What is the right way to build a recommender system for a startup?

Wanna become a data scientist within 3 months, and get a job? Then you need to check this out !

A recommender system is the kind of service that every B2C startup needs. It can improve sales and user experience, while at the same time helping you understand your customers better.

So, what is the best strategy for building a recommender system?

If you are setting up a new business, it can be difficult and challenging to understand how to best set up a new recommender system. First of all, you need the right data strategy. Secondly, you need to understand what the key performance metrics for your recommender are. Are you trying to improve purchases, impressions or some other metric (e.g. conversion rate)? Finally, you need to establish the right machine learning strategy for the recommender system, since the types of models you’ll need are different depending on your user base, the volume of data you have and how mature is your company.

So, let’s tackle each point in turn.

Building the right data strategy

I have talked about this briefly in another post , but there are a few points worth iterating.

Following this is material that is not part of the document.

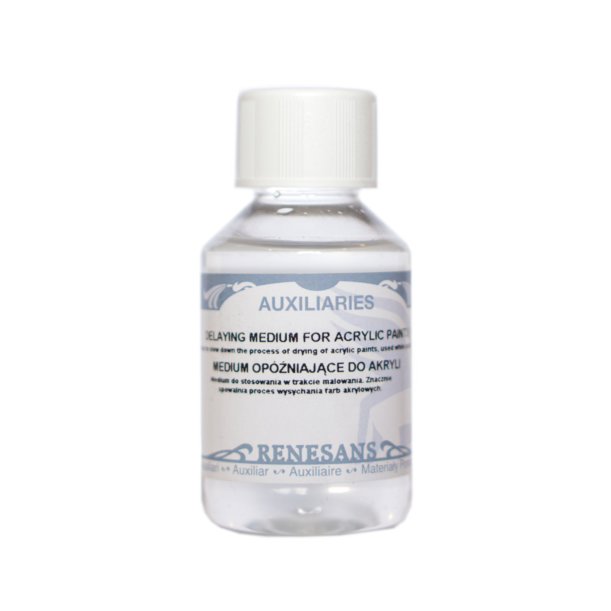 The RENESANS Delaying liquid medium slows down the process of drying acrylic paint without affecting its viscosity. It slightly increases colour saturation too.

First, something very important to understand is that without the right data, the whole recommender thing goes out of the window. There is a saying in data science: garbage in – garbage out. Think carefully about what kinds of variables will influence your user’s decision to buy or not, and try to collect as many of them as you can. Is the gender relevant? The age? Location? Maybe you even want to provide your users with a questionnaire, so that you can collect more information about their preferences.

Performance metrics

What it is that you are trying to achieve? If you have an e-commerce site, you care about people buying products. If you have a job board, you care about matching people with jobs. If you have a dating website, you care about people interacting with each other. In every case, the key performance indicators are different, and you need to think about them very carefully.

Setting up the right recommender system strategy

So, in an ideal world you have a large user base, and lots of clean and detailed data about your users. In the real world, things do not always work out this way.

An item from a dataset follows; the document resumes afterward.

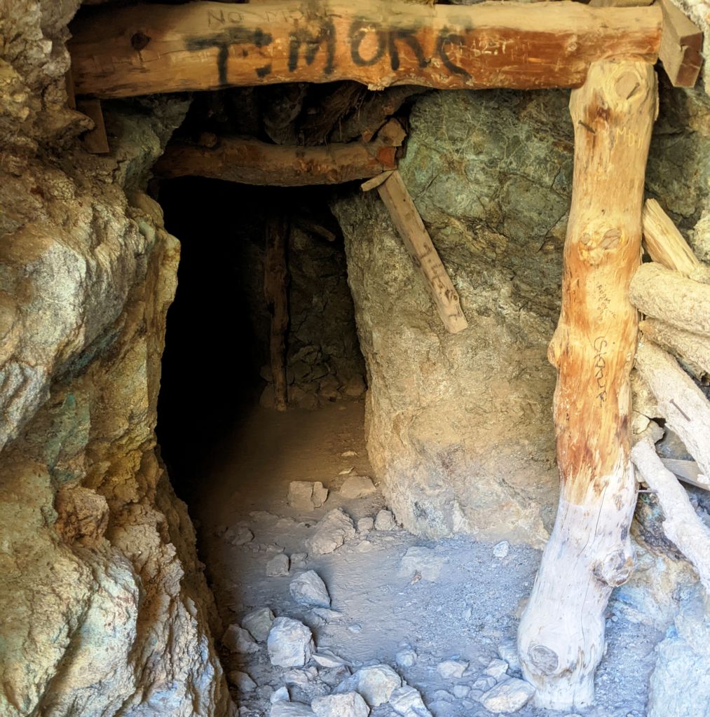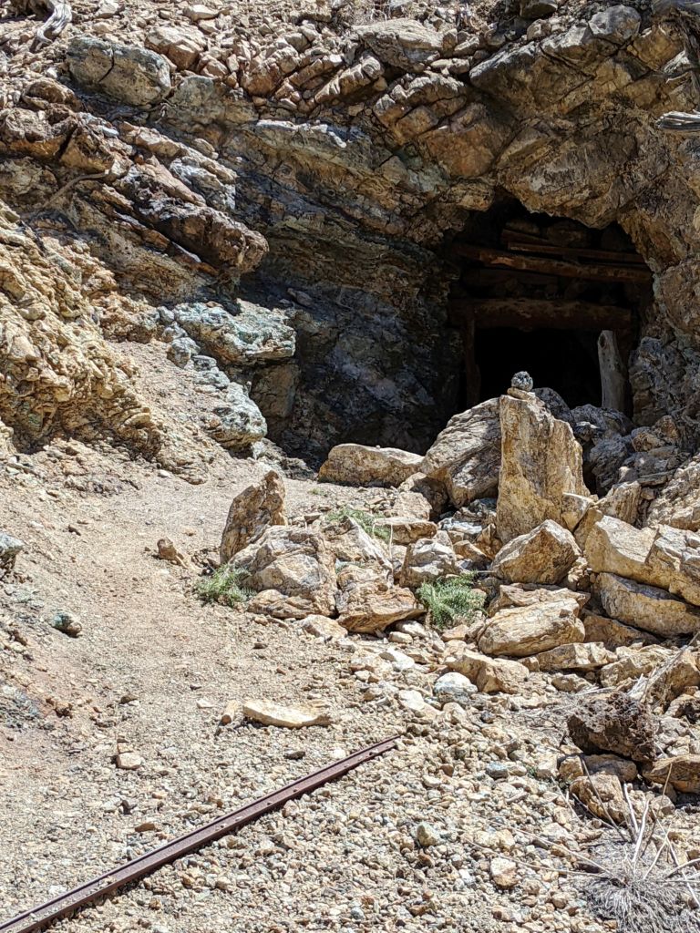 The road eventually became more of a narrow wagon trail. It clearly had been made for the mine, and perhaps even went up and over the ridge to the North, past the mine as more of a through road rather than just access to the mine. I was getting to the end of my hiking interest when Bob identified the little side trail up to the actual mine. Below the lip of the mine was covered in green shale-like rock and some of the wooden beams of the shoot and the massive bolts holding them together were still present. We poked around a bit and then retired in the shade for a celebratory beverage.

When you create a new business, you will face the cold start problem. This is when you have no data to start with, so you need to work based on intuition and build up from there. The first recommender to build is always a content based filtering system. A content based filtering system simply assumes that the products and the users can be described as a set of attributes/features in a vector. The user’s feature vector is determined by purchasing behaviour, viewing behaviour (e.g. what is the user clicking on) and maybe a survey. Its job is simply calculating similarity between a user and a product.

This is a very crude recommender system, but it can perform well if you design it carefully. Plus, with no data, usually you don’t have much choice.

Once you accumulate more data you can move on to collaborative filtering or a supervised learning system. You can also combine all approaches to create a hybrid recommender system. Collaborative filtering usually requires lots of data points in order to work well, whereas with supervised learning you might be able to create something that is working well in the meantime.

An algorithm that had great success recently in recommender systems is factorisation machines. Factorisation machines are able to take into account interactions between input variables, the same way as linear regression, while being able to work with spare data and in a linear time and state-of-the art results.

The right plan for a recommender system

So, if I had to provide a quick summary of the right way to set up a recommender system strategy for a startup, I’d say the following:

Think how the user makes a decision: Get some intuition into the features that are the most important. If you are a job board, then the salary is important. If you are a retailer, think about all the different variables that can influence the purchase of a product.
Come up with the key performance metrics: What do you care about? Increasing sales? People clicking on news stories? Or people also spending a considerable amount of time on a news story after having clicked on it?
Set up the right data strategy: Make sure you collect enough data to measure accurately the key performance metrics. Also, make sure you are collecting enough data from your users, which can be used to make accurate recommendations.
Set up a content based filtering system: This can help you beat the cold start problem. You can start running recommendations without data.
Then move on to a supervised learning model: A supervised learning model (e.g. a factorisation machine) will provide better performance, once you have collected enough data.
Move towards collaborative filtering or a hybrid recommender: As your user base and approaches the 1000s, then you have enough data to use a combination of approaches. Hybrid recommender systems are the best choice in terms of performance, as long as you have enough data.